### Problem details
Could you set down only the lines from the one including "Time40.ru по адресу" to the end of the records below, inclusive and exact, leaving pictures out?

Data provided START

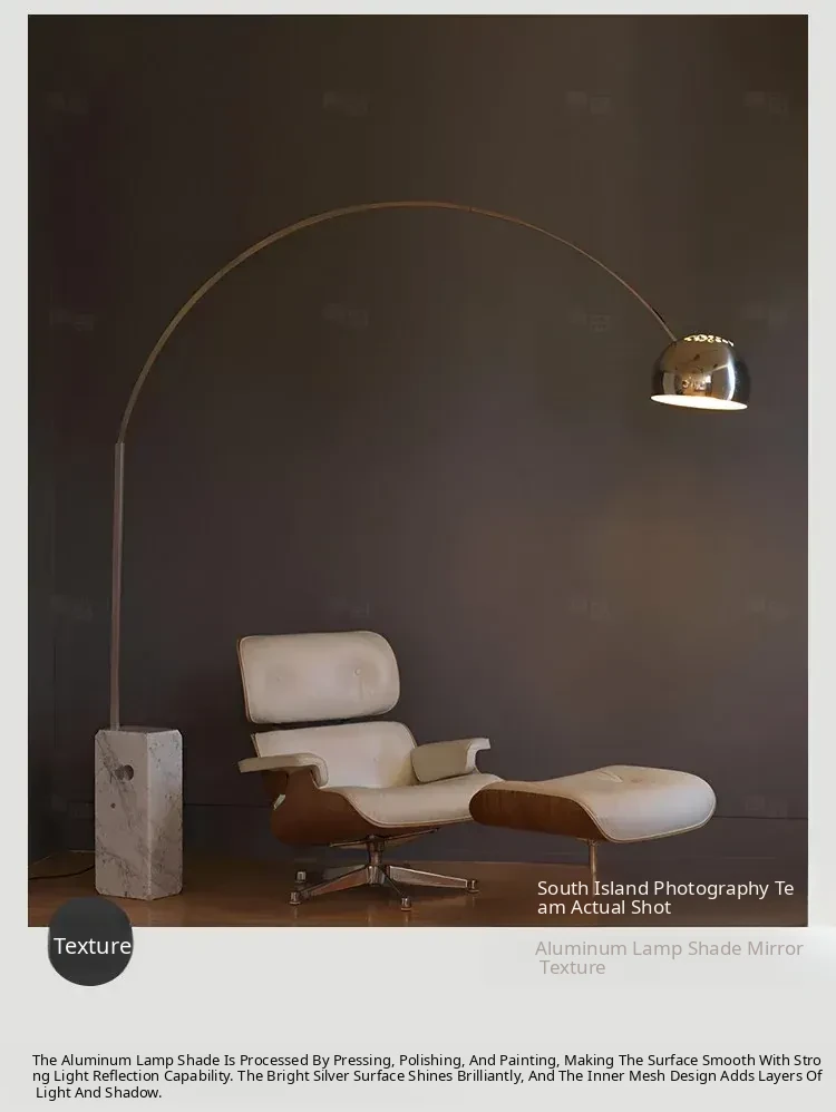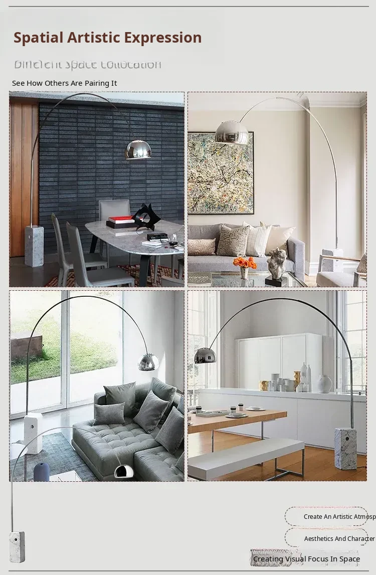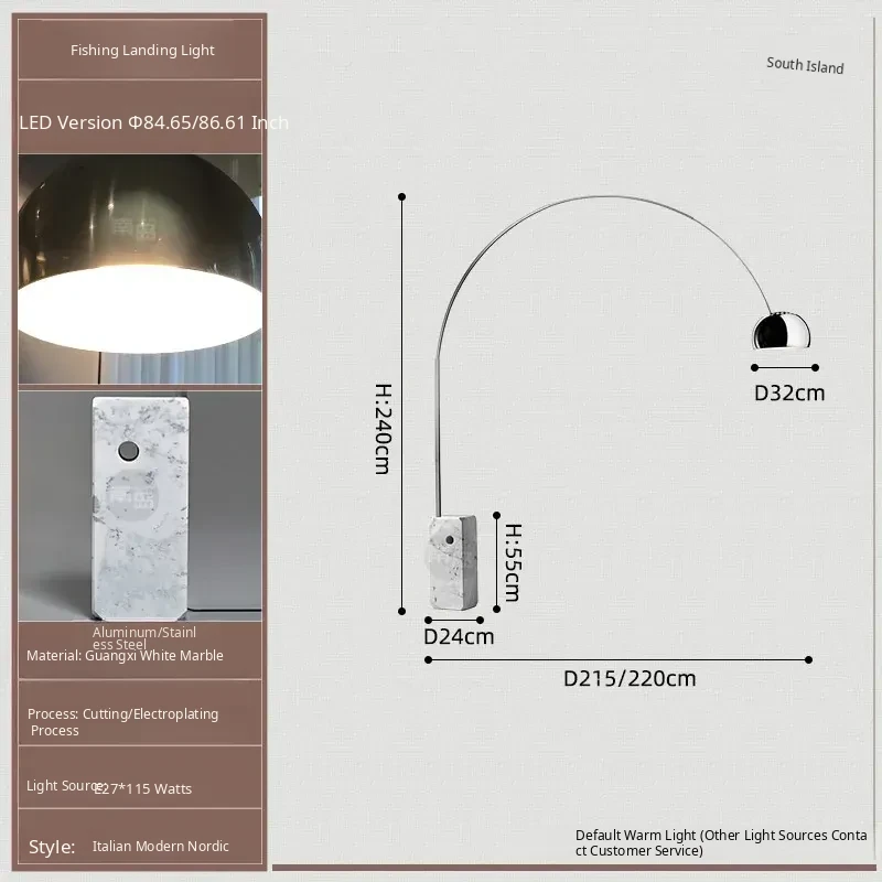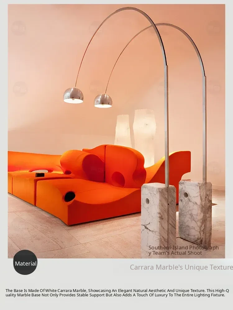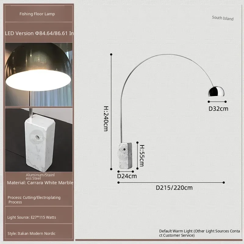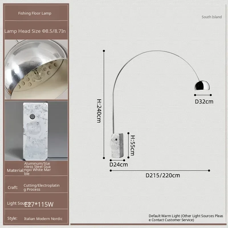Italian Arco Floor Lamp - Elegant Marble Fishing Light with Light French Design for Villa Living Room, Perfect beside Sofa, Crystal Accents
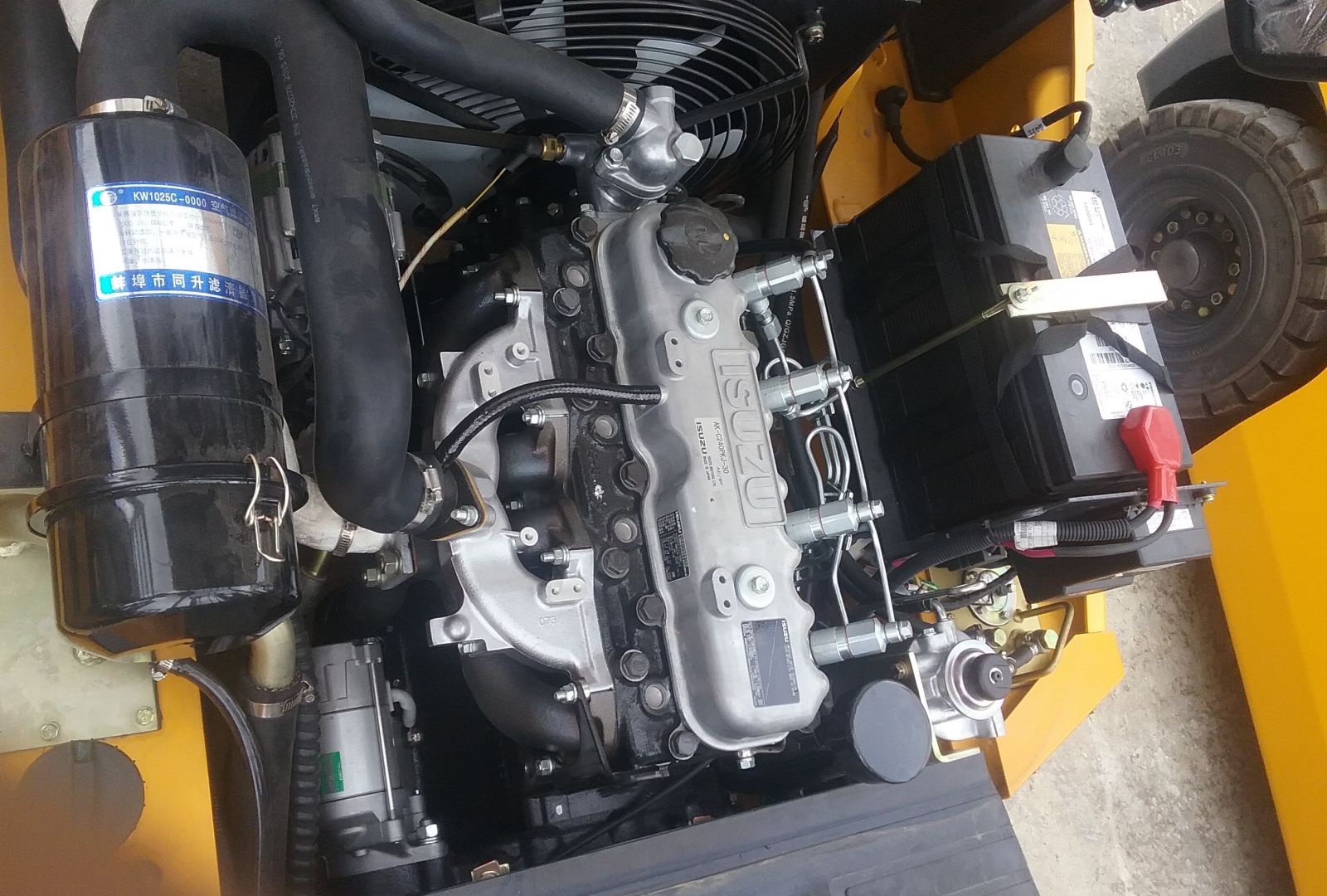 - Động cơ Xinchai A490 ( Trung Quốc) hoặc Isuzu C240 ( Nhật bản), phổ biến trong các dòng xe nâng, mạnh mẽ và dễ dàng thay thế sửa chữa.
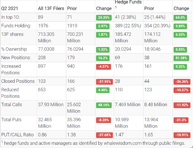 Hedge funds and institutions were increasing shares in their portfolios. The aggregate 13F shares held by hedge funds increased to about 185.5 million from 174.1 million. Of the hedge funds, 69 created new positions, 176 added to an existing one, 28 exited, and 110 reduced their stakes. Overall, institutions increased their aggregate holdings by about 1.9% to approximately 713.3 million from 700.2 million.
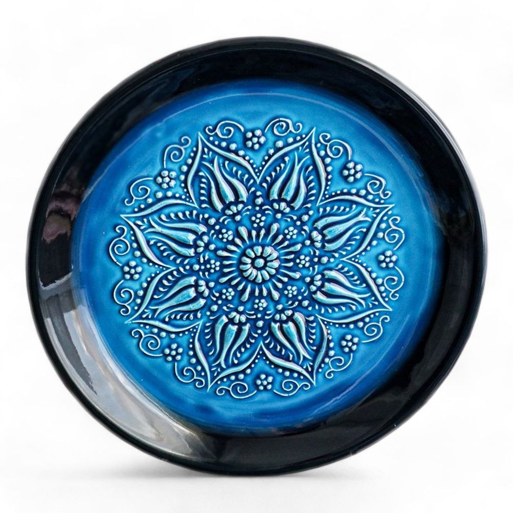 Coated with Lead Free Glaze (Safe Food) and After hand painting and drawing applications are made, it is baked between at 900 and 1000 °C.
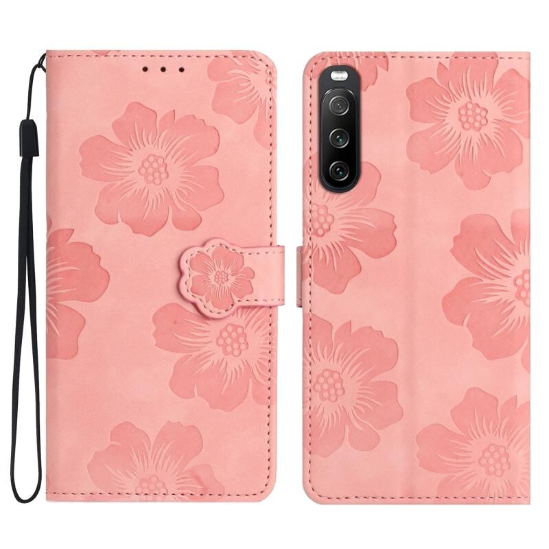 Για Sony Xperia 10 V λουλούδι ανάγλυφο μοτίβο δερμάτινη θήκη τηλεφώνου (ροζ)
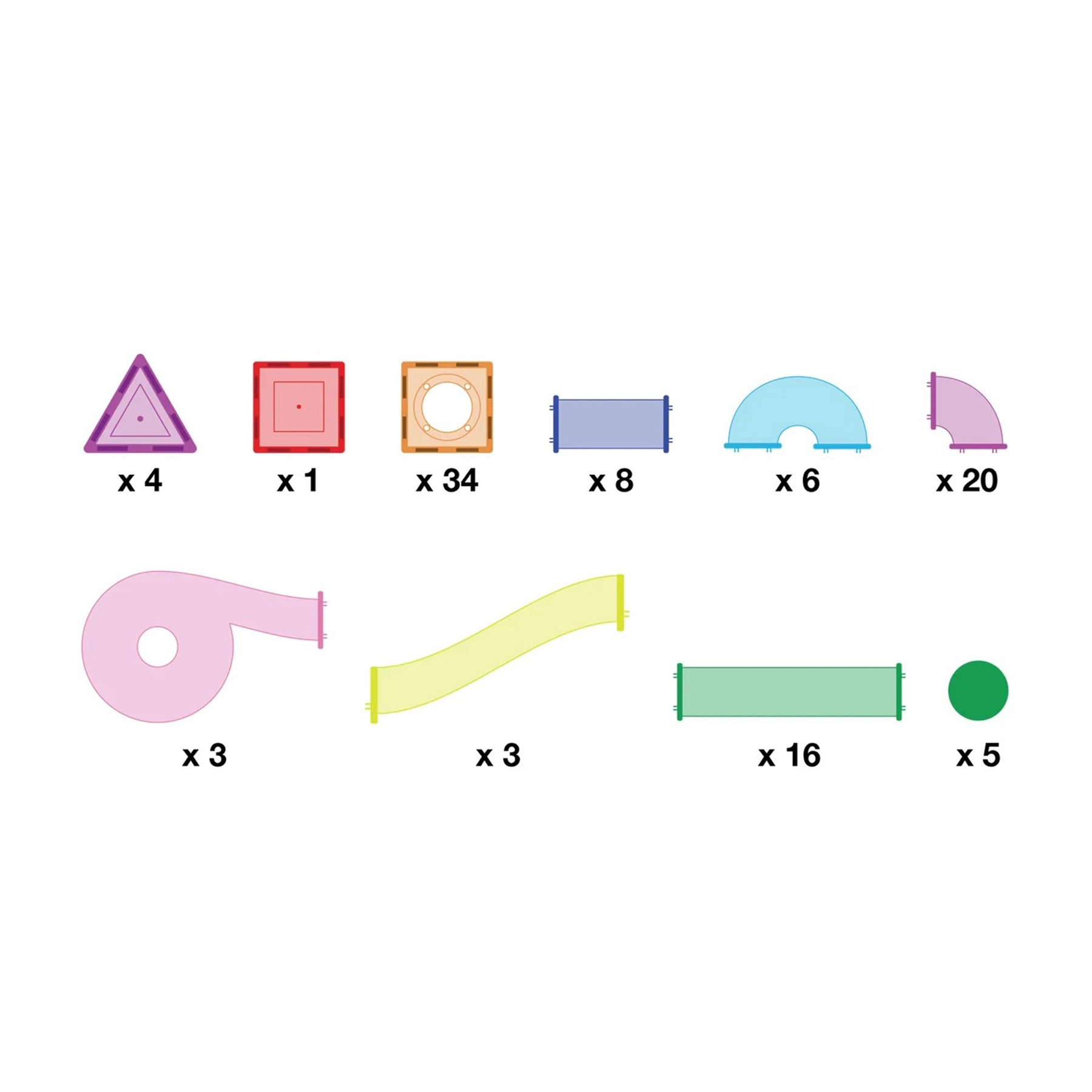 Този магнитен конструктор позволява на децата да проектират и строят собствени състезателни трасета за топчета, които преминават през завои и спускания. Благодарение на здравите магнитни връзки конструкциите са стабилни и лесни за преразглобяване и надграждане. Прозрачните цветни елементи придават атрактивен вид и подпомагат възприятието за форми и цветове.
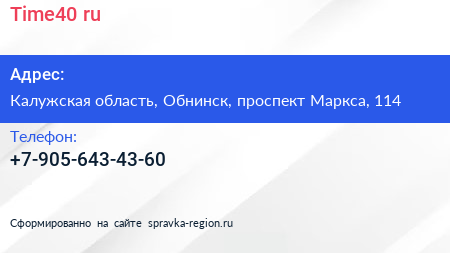 Time40.ru по адресу Калужская область, Обнинск, проспект Маркса, 114 в дальнейшем Организация, размещена в следующих категориях:
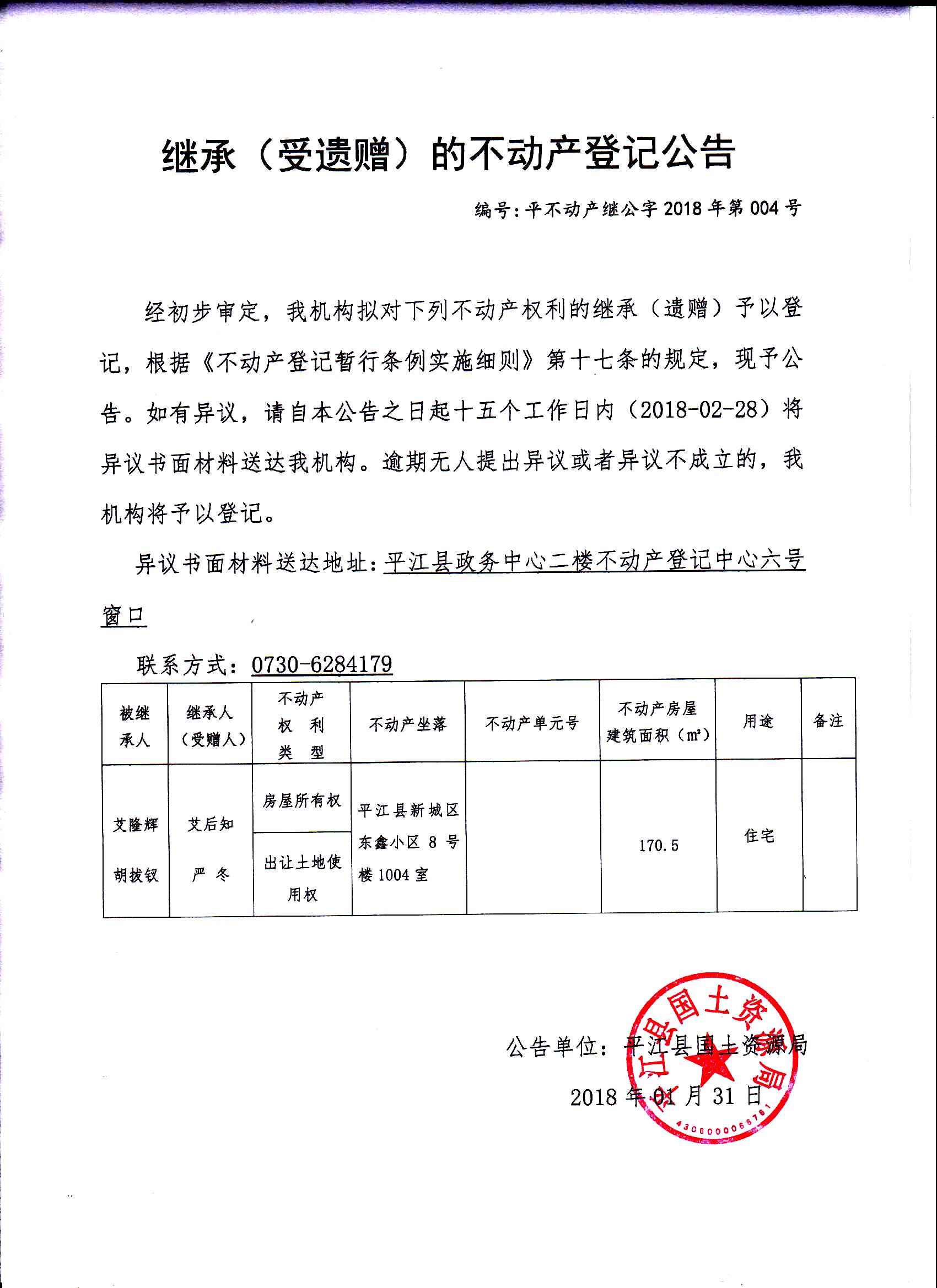 艾后知 严冬继承(受遗赠)的不动产登记公告

Data provided END

### Task answer
 Time40.ru по адресу Калужская область, Обнинск, проспект Маркса, 114 в дальнейшем Организация, размещена в следующих категориях:
 艾后知 严冬继承(受遗赠)的不动产登记公告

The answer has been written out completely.